» **Requirement**: Please reproduce the listing verbatim, without its images.

» **Source data**:
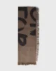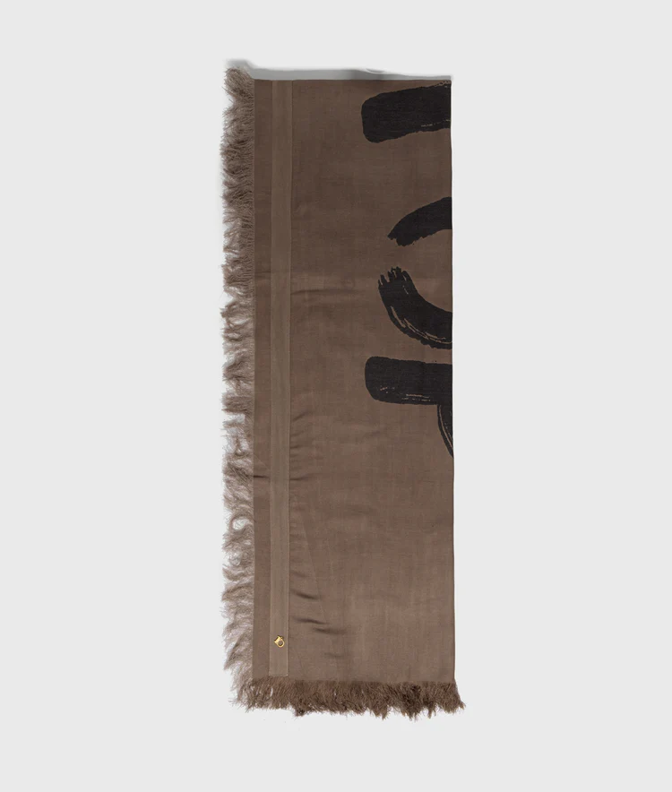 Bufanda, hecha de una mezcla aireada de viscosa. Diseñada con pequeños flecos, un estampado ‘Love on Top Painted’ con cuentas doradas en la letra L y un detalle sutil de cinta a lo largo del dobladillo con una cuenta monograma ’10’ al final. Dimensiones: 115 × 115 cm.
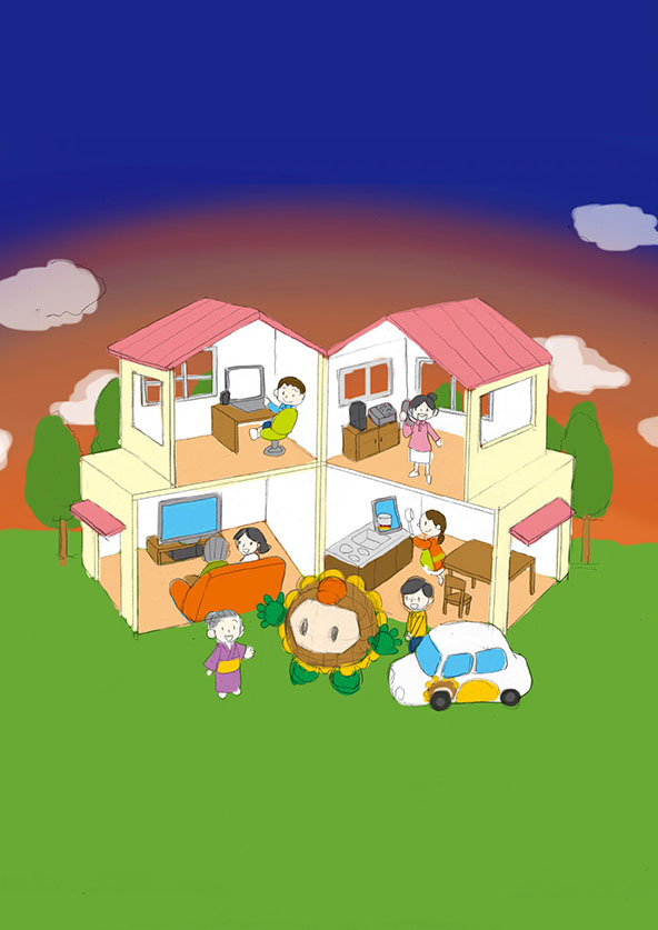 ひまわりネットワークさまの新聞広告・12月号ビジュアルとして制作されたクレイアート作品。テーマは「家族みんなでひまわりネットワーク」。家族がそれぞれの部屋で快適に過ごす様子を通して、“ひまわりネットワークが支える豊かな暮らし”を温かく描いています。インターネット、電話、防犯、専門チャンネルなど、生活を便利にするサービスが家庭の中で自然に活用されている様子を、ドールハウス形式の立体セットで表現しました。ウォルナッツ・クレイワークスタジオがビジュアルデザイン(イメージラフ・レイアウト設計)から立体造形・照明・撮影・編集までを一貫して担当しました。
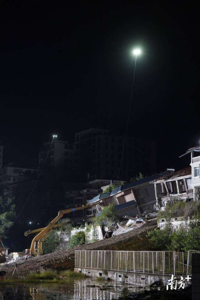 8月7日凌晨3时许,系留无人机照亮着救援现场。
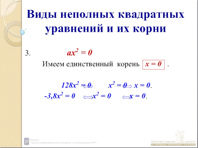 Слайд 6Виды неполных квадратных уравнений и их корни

» **Exercise response**:
 Bufanda, hecha de una mezcla aireada de viscosa. Diseñada con pequeños flecos, un estampado ‘Love on Top Painted’ con cuentas doradas en la letra L y un detalle sutil de cinta a lo largo del dobladillo con una cuenta monograma ’10’ al final. Dimensiones: 115 × 115 cm.
 ひまわりネットワークさまの新聞広告・12月号ビジュアルとして制作されたクレイアート作品。テーマは「家族みんなでひまわりネットワーク」。家族がそれぞれの部屋で快適に過ごす様子を通して、“ひまわりネットワークが支える豊かな暮らし”を温かく描いています。インターネット、電話、防犯、専門チャンネルなど、生活を便利にするサービスが家庭の中で自然に活用されている様子を、ドールハウス形式の立体セットで表現しました。ウォルナッツ・クレイワークスタジオがビジュアルデザイン(イメージラフ・レイアウト設計)から立体造形・照明・撮影・編集までを一貫して担当しました。
 8月7日凌晨3时许,系留无人机照亮着救援现场。
 Слайд 6Виды неполных квадратных уравнений и их корни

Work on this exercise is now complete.